One of the concerns has been the model for how information will be shared. Today it's common for non profit organizations to hoard their information, to create "proprietary databases" they can use to pitch to granting agencies. Another factor is that ignoring standards allows efforts to move ahead on their own terms, without making their systems fit into larger systems which could slow them down. Another factor is insecurity - an organization may have a perfectly useful database, but in implementation it may not compare well to best technical efforts. There are two main requirements - well known mechanism usable by any organization, and the schemas/ontologies, descriptions of how the data will look for reliable re-use.
The Internet has been mainstream for 15 years, and we're starting to see real breakthroughs in Semantic Web type applications. With unlimited room for our improvement by building on rather than hoarding data, and the recognition of the value of a true participatory society, many efforts to not share data start to appear ignoble. An unidentified new sector of public participation is developing based on the ease and minimal cost of gathering and organizing data functionality and interested parties on the Internet. The cost is simply making data re-usable, yet many agencies fear this approach since it will affect their societal placement (and most don't trust 'the masses').
Approaches to Semantic Web applications
Mining
There are essentially two types of SemWeb applications, mining and intentional semantic development. One technique in mining is "scraping" to parse presumably reliable HTML pages. Many citizen projects use this technique to extract public data from recalcitrant government sources, for example, They Work for You. Mash ups are related, sites like Housing Maps combine data from disparate sources into one useful interface. However, scraping can be easily foiled by obfuscating low level structure, intentionally or not.

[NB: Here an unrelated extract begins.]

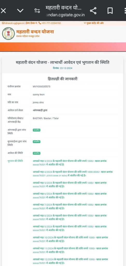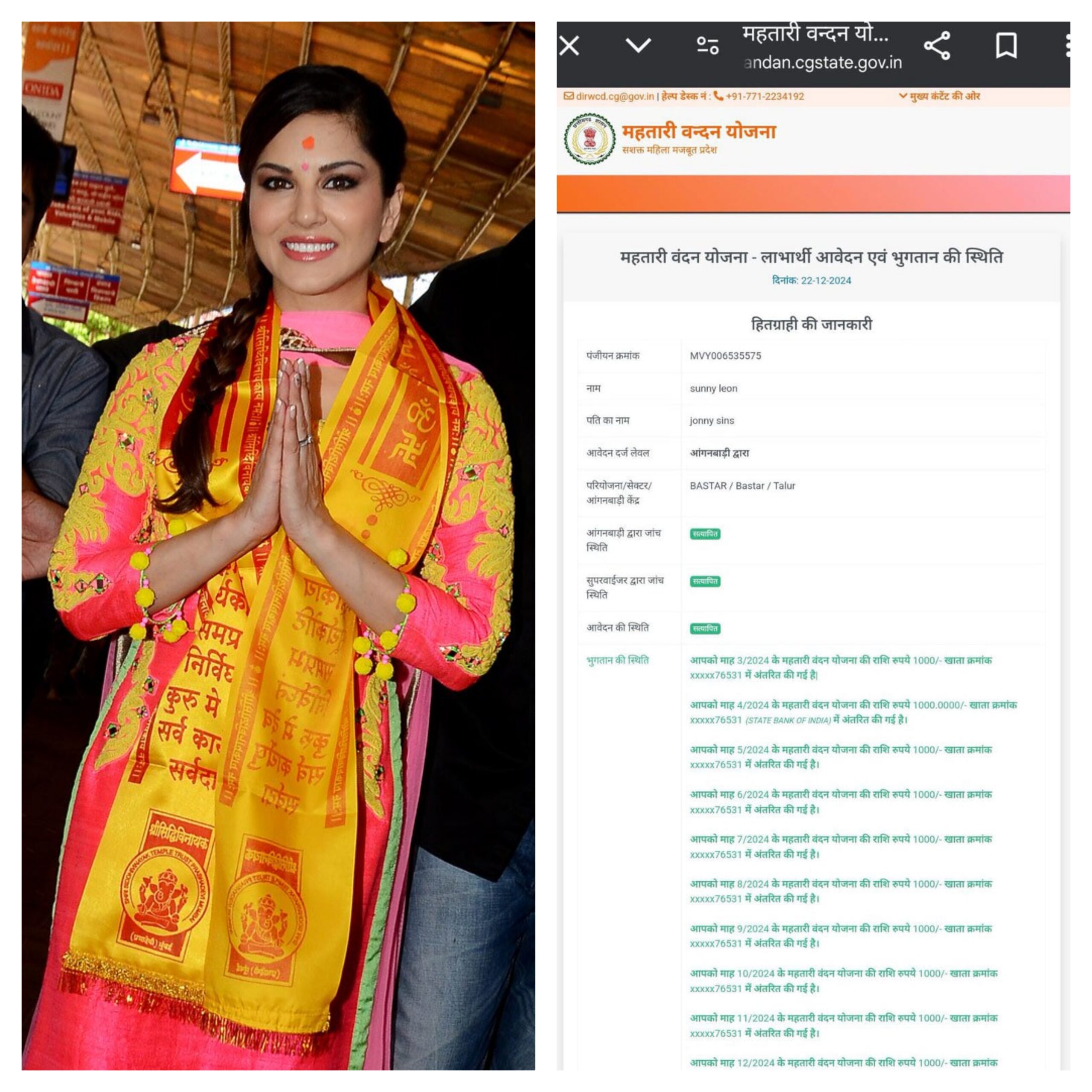 जिला कार्यक्रम अधिकारी के अनुसार, मीडिया में आई खबर के बाद जांच शुरू हुई जिसमें पता चला कि ग्राम तालुर में सनी लियोन के नाम से फर्जी पंजीकरण किया गया था। यह पंजीकरण ग्राम की आंगनवाड़ी कार्यकर्ता वेदमती जोशी की आईडी से हुआ था।

Another mining approach involves scraping human oriented text. Open Calais is a infrastructure example of this. Health Base is an end user application. These sites use patterns in human text to try to derive statements. This technique is easily foiled leading to incorrect observations.
Intentional markup
Intentional semantic development involves explicit markup of text items. Most HTML documents today contain only text and links. Semantically marked up documents have explicit annotations about data objects, indicating them as entites such as people, places, dates, and so on. Relations (links) have explicit meanings.
In FOAF, we can indicate "me" links on our home page that indicate another representation of ourselves. We can indicate links to friends, business associates, and organizations. It quickly becomes apparent that decentralized Facebook sites could be enabled, where individuals can publish their information wherever they like, using whatever licenses they like, and sites like Facebook can provide their own views of these webs of data.
Using RDFa and Microformats, annotations are added to regular HTML that give them semantic meaning. A person's information can be marked up with hCard, allowing you to "right click" and add that person to your address book. Similarly formats exist for locations and events.
Google, Yahoo and others use these formats to make their results more reliable. It used to be their information guessed what content on a page was content. So if you searched for "frames," looking for picture frames, you would be likely to find a page that referred to "frames" in its navigation. RDFa and Microformats allow more reliable markup of subjects, allowing meta directories to embed reviews from any cooperating site rather than trying to do everything themselves - because these reviews link back to the originating site, it's a "win win win" situation, for the meta directory, originating site, and end user, with richer, less biased results when a critical mass is reached.
The heavyweight options are systems such as RDF and Topic Maps. They provide a complex interlinked way to describe arbitrary data. Today they are only used for specific projects, but as their use grows we can expect the web to become more interlinked allowing an endless assemblage of information using the best references.